Rule 22 lays down the method for computing aggregate average advances of rural branches of a scheduled bank for the purposes of Section 31(1). It requires monthly outstanding advances of each rural branch to be aggregated, averaged for the relevant months, and then consolidated across branches. Definitions of “rural branch” and “scheduled bank” are aligned with the Act.
Extract of Rule No. 21 of Draft Income-tax Rules, 2026
Rule 21
Unrealised rent.
For the purposes of section 21(4), the amount of rent which the owner cannot realise shall be equal to the amount of rent receivable by the assessee but not paid by a tenant of the assessee and so proved to be lost and irrecoverable where, —
(a) the tenancy is bona fide;
(b) the defaulting tenant has vacated, or steps have been taken to compel him to vacate the property;
(c) the defaulting tenant is not in occupation of any other property of the assessee;
(d) the assessee has taken all reasonable steps to institute legal proceedings for the recovery of the unpaid rent or satisfies the Assessing Officer that legal proceedings would be futile.
Extract of Rule No. 22 of Draft Income-tax Rules, 2026
Rule 22
Computation of aggregate average advances for the purposes of Section 31(1) (Table: Sl.

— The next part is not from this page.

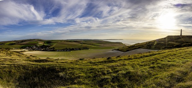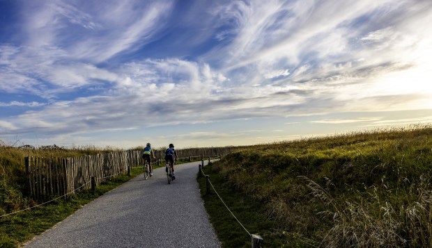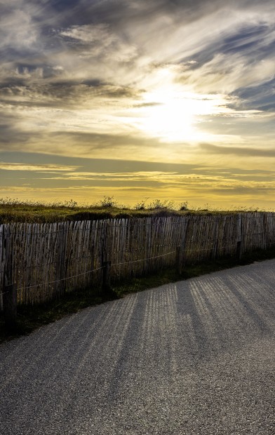 Golden light spilling across windswept hills, quiet fields rolling toward the sea — this is the Opal Coast at sunset. From the top of Cap Blanc-Nez, the monument stands like a sentinel watching over France and the distant English shore. Cyclists glide along the path, framed by soft skies brushed with streaks of blue and gold. It’s the kind of evening that makes you slow down, breathe in the salt air, and realise how peaceful the world can feel when the day fades into light and shadow.

No.1)] of the Act
(1) For the purposes of section 31(1)[Table: Sl No 1] of the Act, the aggregate average advances made by the rural branches of a scheduled bank shall be determined as follows:
(a) the amounts of advances made by each rural branch as outstanding at the end of the last day of each month comprised in the tax year shall be aggregated separately;
(b) the sum so arrived at in the case of each such branch shall be divided by the number of months for which the outstanding advances have been taken into account for the purposes of clause (a);
(c) the aggregate of the sums so arrived at in respect of each of the rural branches shall be the aggregate average advances made by the rural branches of the scheduled bank.
(2) In this rule, “rural branch” and “scheduled bank” have the meanings specified in the Section 66(26) and section 2(98) of the Act respectively.